WP 2 Toolkit development


Since the calculation of analogues over large datasets is heavy, the code will contain a parallel scheme, in order to take advantage of the new computer architectures (even laptops). Given the nature of the computer programs and the format of datasets (generally in netcdf format), a linux interface will be privileged. The core of the toolkit will allow the use of various metrics to compute analogues.


The output of this toolkit will provide the best flow analogues (and their statistical characteristics) and simple composite diagnostics on other variables, such as temperature, wind speed and precipitation. It will provide diagnostics on the quality of analogues in an objective way, from the results in WP1, and provide a statement on the relevance of the analogue scores.


We will develop a pseudo real-time interface to recover automatically reanalysis data from ad hoc open databases, over selected regions of interest. This module will enable a pseudo real-time determination of best circulation analogues, composite temperature and precipitation for a region of choice. An early version of such a module allowed the analysis of extreme events in Europe during 2011 [Cattiaux and Yiou, 2012]. Such an analysis will be done routinely for Europe, North America, the Arctic region, and East Asia, from NCEP reanalysis [Kalnay et al., 1996].
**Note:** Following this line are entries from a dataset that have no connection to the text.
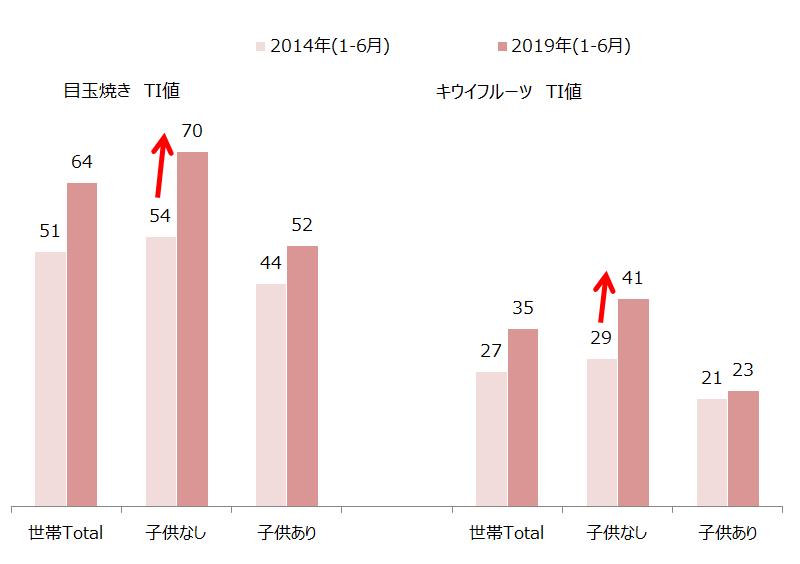 「目玉焼き」「キウイフルーツ」共に子供なし世帯で特に伸びていることが確認できました。
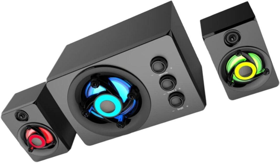 – Efecto de sonido envolvente 3D, sonido estéreo de 2.1 canales, appropriate con reproducción de unidad USB y caja de sonido de graves.
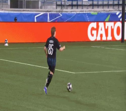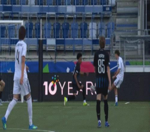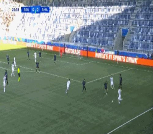 第64分鐘,科倫下底橫傳,延森搶點破門,布魯日U19 1-1皇馬U19
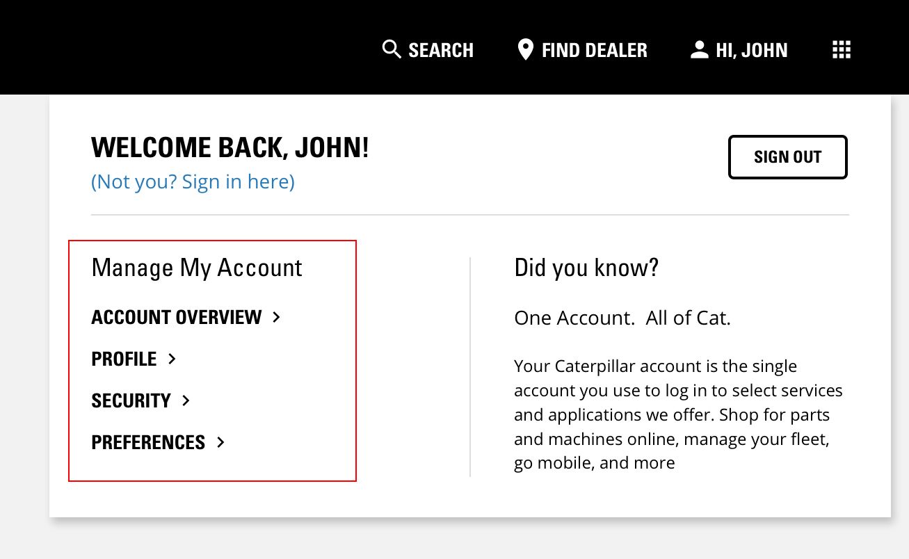 بعد تسجيل الدخول بنجاح إلى Cat.com، يمكنك أيضًا الانتقال إلى صفحة "حسابي" من خلال النقر فوق اسمك، والذي يظهر في الزاوية العلوية اليمنى. ومن هذا المكان، سوف ترى قائمة بالروابط التي تظهر لك. حدد رابط "ملف التعريف" الذي يظهر ضمن قسم "إدارة حسابي".

The toolkit will also offer the possibility of using long general circulation model (GCM) simulations for the reference database. An interface to CMIP5, PMIP3, CORDEX data will be designed. Such model simulations offer data that either have a longer time span (century or millennium) or finer spatial resolution (11 km or 44 km) than reanalysis data.


The ensemble simulation database interface will be tested in the evaluation of the climate attractor deformation application. The core of the analogue computation will be programmed in the widely used language R and shell scripts. It will be shaped as a standalone application. A prototype of a web application (running on the LSCE computing server) for a pseudo realtime analysis (once a week) of atmospheric flow over several regions of the globe will be implemented.


This computer engineering step is crucial in order to facilitate the transfer of knowledge from the mathematical theory to climate applications. The platform will also serve as a base for further scientific or innovation projects.


We will create a database of available model simulation data (CMIP5, PMIP3, CORDEX), reanalyses (NCEP: [Kalnay et al., 1996]) and observations (ECA&D: [Klein-Tank et al., 2002]), with common format specifications, quality check and bias removal [Michelangeli et al., 2009]. The database will cover the identified regions of analysis. We will focus on sea-level pressure, geopotential heights at various levels (1000, 850, 500 and 300 hPa), near-surface temperature and precipitation. The reanalysis and observational datasets will be updated on a regular basis. The analogue flow platform will then enable a switch between datasets.


The original database of model simulations or observations will not be re-distributed, although the open platform will make use of them. We might distribute corrected datasets after bias removal. We will issue documentation on the quality check and bias removal, in order to guarantee the reproducibility of results, and provide a guide of “best practice”.